[EXERCISE]:
The answer should be an exact repeat of the stretch of material below from the line containing "Published Jan 1942" through the line containing "あとXPSシリーズとしてXPS 14/XPS 16以外にも13インチパネルのモバイルタイプのXPS".

[SUPPLIED INFORMATION]:
►

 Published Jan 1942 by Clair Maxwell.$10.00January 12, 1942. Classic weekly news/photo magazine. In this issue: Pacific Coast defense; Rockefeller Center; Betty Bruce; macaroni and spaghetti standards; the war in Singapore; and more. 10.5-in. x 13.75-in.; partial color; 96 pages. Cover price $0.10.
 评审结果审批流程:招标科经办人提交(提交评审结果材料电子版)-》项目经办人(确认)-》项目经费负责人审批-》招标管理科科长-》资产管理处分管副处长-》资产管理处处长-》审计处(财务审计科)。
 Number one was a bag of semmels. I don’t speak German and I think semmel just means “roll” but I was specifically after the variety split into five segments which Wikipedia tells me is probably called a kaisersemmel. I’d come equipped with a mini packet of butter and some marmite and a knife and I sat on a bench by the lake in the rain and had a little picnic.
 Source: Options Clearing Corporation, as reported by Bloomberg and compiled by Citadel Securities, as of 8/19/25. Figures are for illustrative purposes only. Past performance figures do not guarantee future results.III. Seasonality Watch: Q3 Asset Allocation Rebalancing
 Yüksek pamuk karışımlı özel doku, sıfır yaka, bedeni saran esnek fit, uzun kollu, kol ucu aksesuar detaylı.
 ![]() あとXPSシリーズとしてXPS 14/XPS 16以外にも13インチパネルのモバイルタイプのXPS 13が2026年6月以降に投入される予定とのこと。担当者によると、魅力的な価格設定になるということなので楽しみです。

◄
►

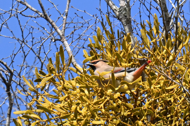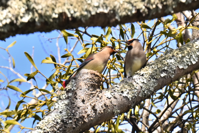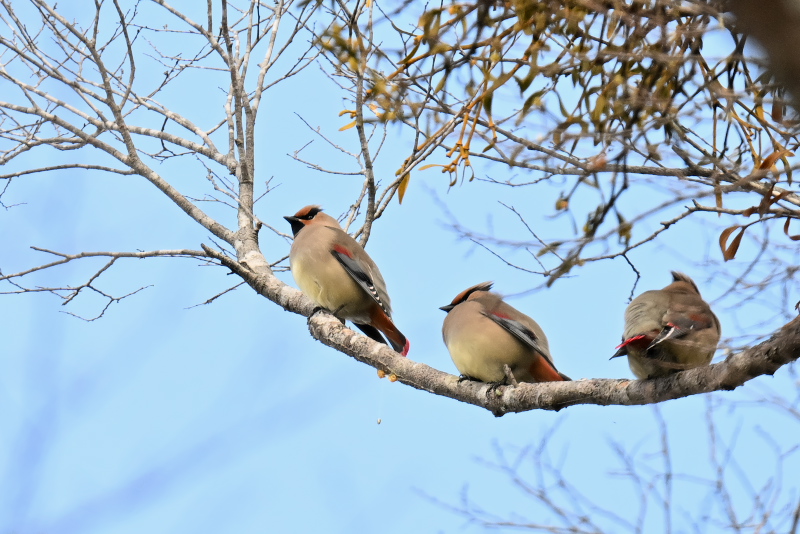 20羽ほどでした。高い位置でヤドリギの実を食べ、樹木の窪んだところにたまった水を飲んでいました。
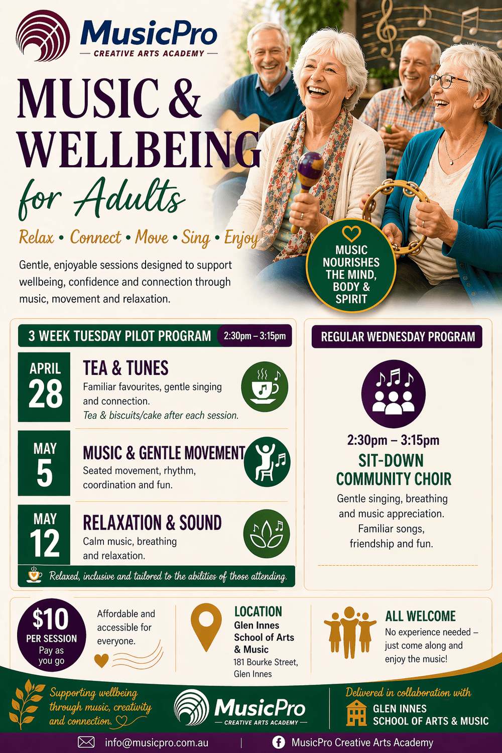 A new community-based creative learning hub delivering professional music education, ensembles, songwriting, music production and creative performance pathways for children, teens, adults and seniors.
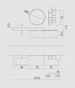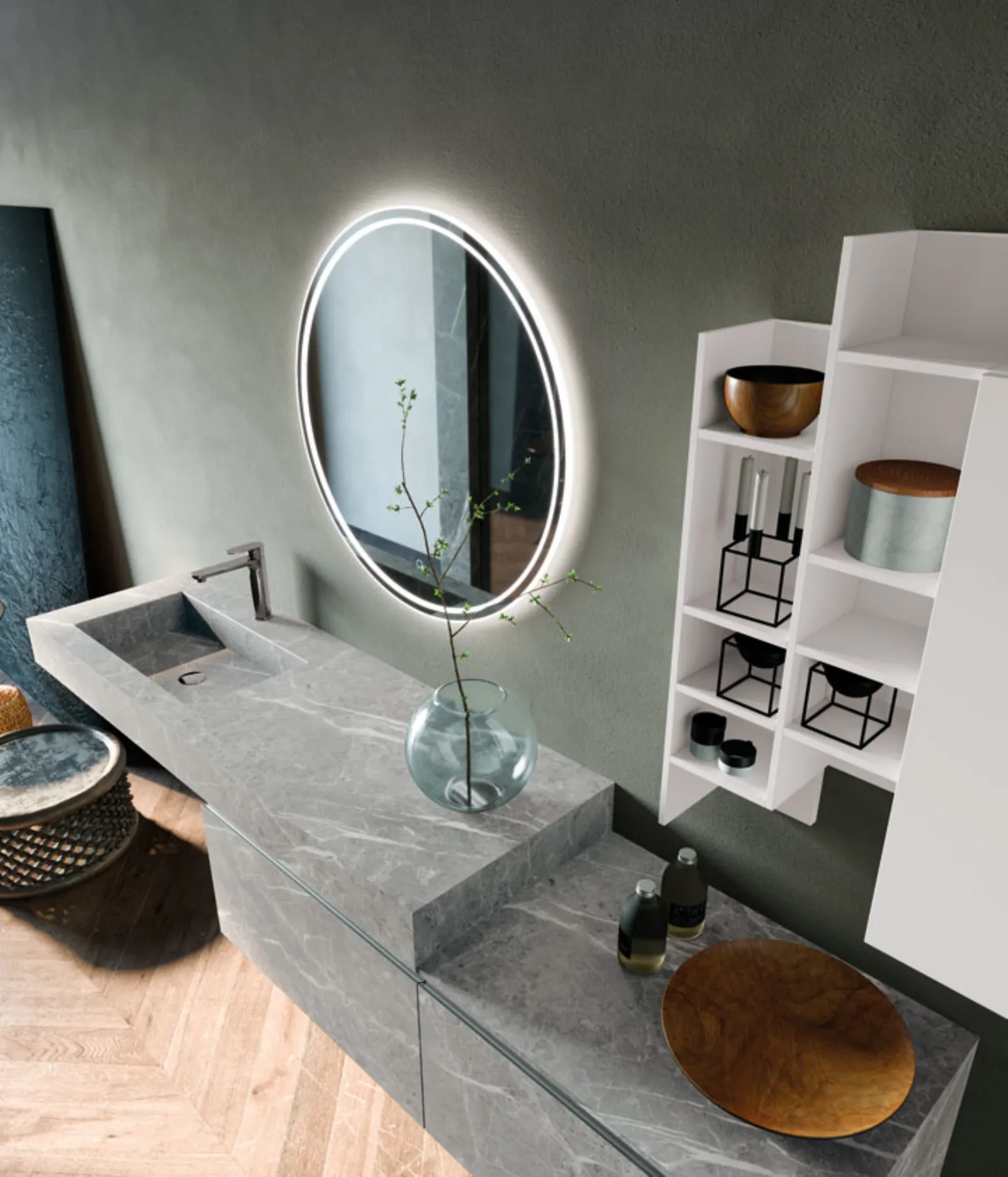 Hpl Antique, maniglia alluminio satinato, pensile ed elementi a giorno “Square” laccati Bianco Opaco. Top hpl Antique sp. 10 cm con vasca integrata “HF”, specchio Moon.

◄
►

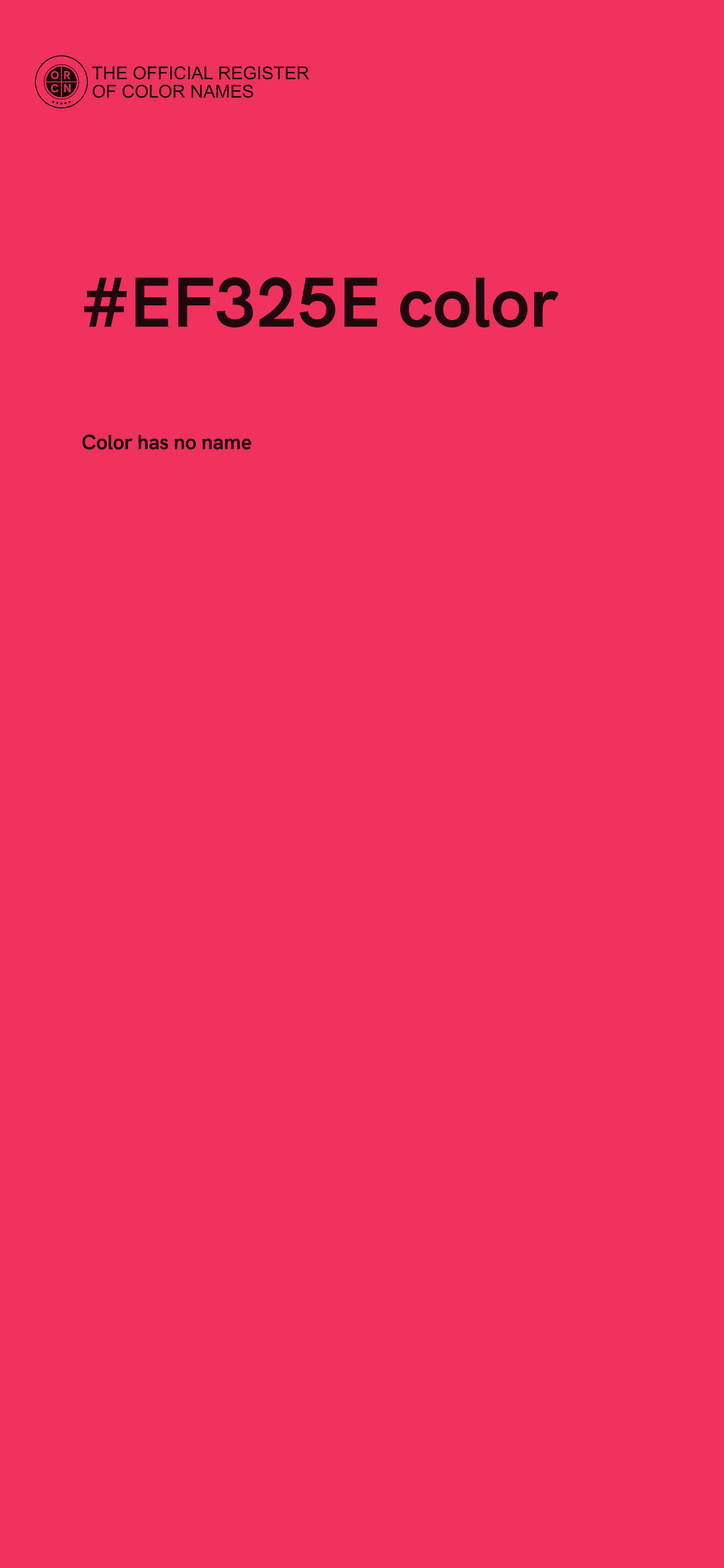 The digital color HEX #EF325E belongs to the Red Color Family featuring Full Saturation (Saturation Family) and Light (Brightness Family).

◄

[OUTPUT]:
 Published Jan 1942 by Clair Maxwell.$10.00January 12, 1942. Classic weekly news/photo magazine. In this issue: Pacific Coast defense; Rockefeller Center; Betty Bruce; macaroni and spaghetti standards; the war in Singapore; and more. 10.5-in. x 13.75-in.; partial color; 96 pages. Cover price $0.10.
 评审结果审批流程:招标科经办人提交(提交评审结果材料电子版)-》项目经办人(确认)-》项目经费负责人审批-》招标管理科科长-》资产管理处分管副处长-》资产管理处处长-》审计处(财务审计科)。
 Number one was a bag of semmels. I don’t speak German and I think semmel just means “roll” but I was specifically after the variety split into five segments which Wikipedia tells me is probably called a kaisersemmel. I’d come equipped with a mini packet of butter and some marmite and a knife and I sat on a bench by the lake in the rain and had a little picnic.
 Source: Options Clearing Corporation, as reported by Bloomberg and compiled by Citadel Securities, as of 8/19/25. Figures are for illustrative purposes only. Past performance figures do not guarantee future results.III. Seasonality Watch: Q3 Asset Allocation Rebalancing
 Yüksek pamuk karışımlı özel doku, sıfır yaka, bedeni saran esnek fit, uzun kollu, kol ucu aksesuar detaylı.
 ![]() あとXPSシリーズとしてXPS 14/XPS 16以外にも13インチパネルのモバイルタイプのXPS 13が2026年6月以降に投入される予定とのこと。担当者によると、魅力的な価格設定になるということなので楽しみです。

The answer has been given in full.